Impact, to me, is far more than the work we produce or the technical problems we solve—it’s about the ripple effect we create in the lives of others. I’ve always believed that knowledge isn’t meant to be hoarded; it’s meant to move, to evolve, to be passed down in ways that make someone else’s journey a little easier. When we share what we’ve learned, especially the hard lessons that shaped us, we give others a head start we never had. That’s the kind of contribution that lives beyond code, beyond timelines, and beyond any single role we hold.

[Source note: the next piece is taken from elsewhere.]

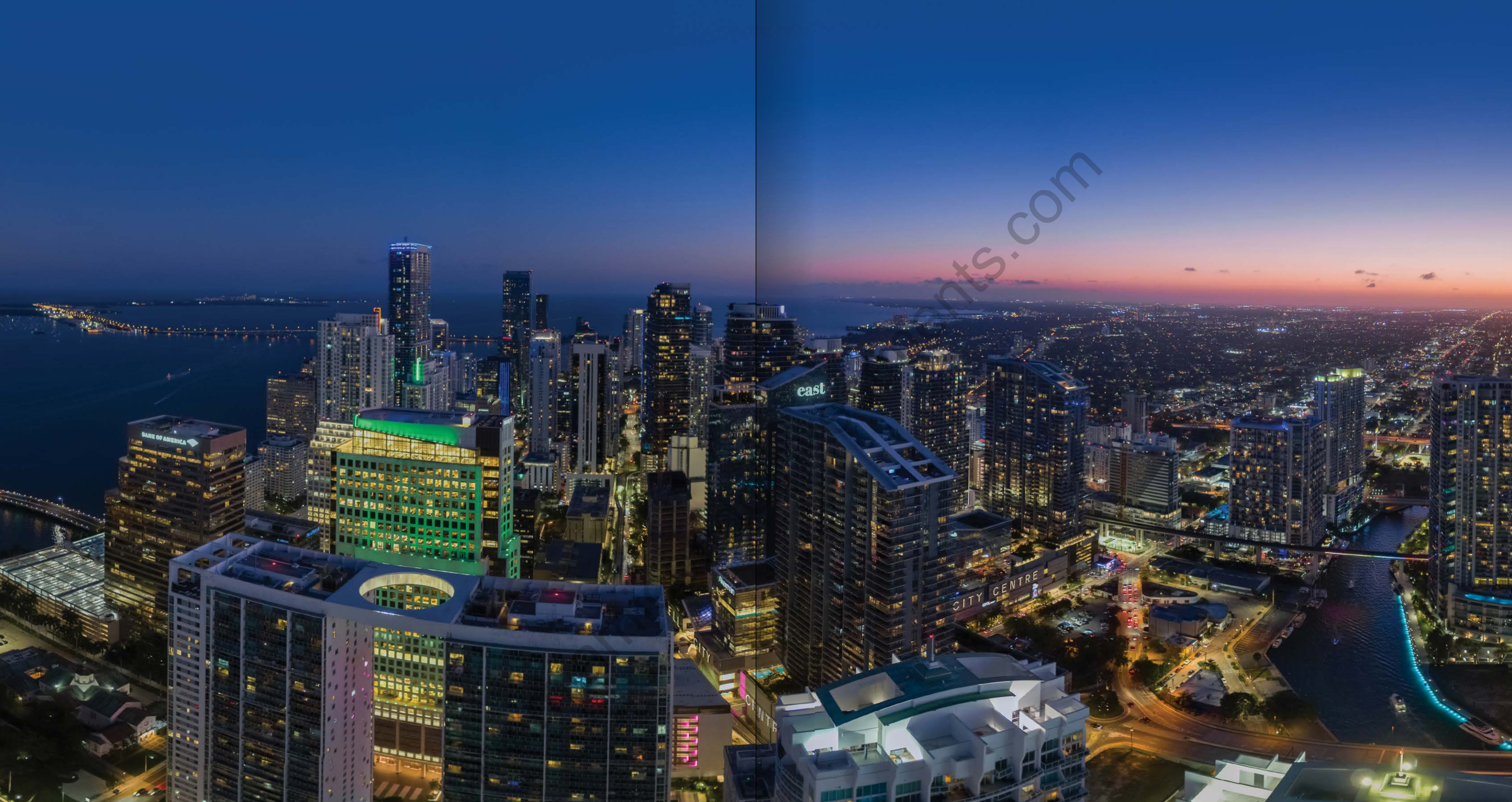
View at Sunset

I strongly believe that knowledge should flow forward. Every insight we offer, every explanation we give, and every moment spent helping someone else grow contribute to something much bigger than ourselves. In the tech ecosystem—where learning never stops, and everything is always changing—lifting others is not just an act of kindness; it’s an essential part of building a resilient, future-ready community. When one person grows, it creates momentum. When a group grows, it creates transformation.
What advice would you give to someone who feels stuck in their career and is unsure how to reinvent themselves?
Start small, stay consistent, and learn in public. Those three principles form the backbone of real transformation, no matter what field you’re stepping into or what identity you’re trying to build. Reinvention is often romanticized as a sudden breakthrough or a bold, dramatic leap, but in reality, it’s a slow and intentional accumulation of small wins. It’s choosing to show up even when the progress feels invisible. It’s committing to learn even when you’re unsure. And it’s trusting that the tiny steps you take today are shaping the future version of you that you haven’t met yet.
Reinvention isn’t one dramatic leap—it’s a series of small, deliberate steps repeated until they become your new identity. Every new habit you adopt, every piece of knowledge you acquire, and every challenge you push through becomes a brick in the foundation of who you’re becoming. The transformation happens quietly, in the moments when no one is watching—when you decide to practice again, when you try to understand a concept one more time, when you pick yourself up after a setback. Over time, these interactions with discipline and curiosity rewrite your story from the inside out.
Thank you for talking to us.
Thank you as well—I truly enjoyed our conversation.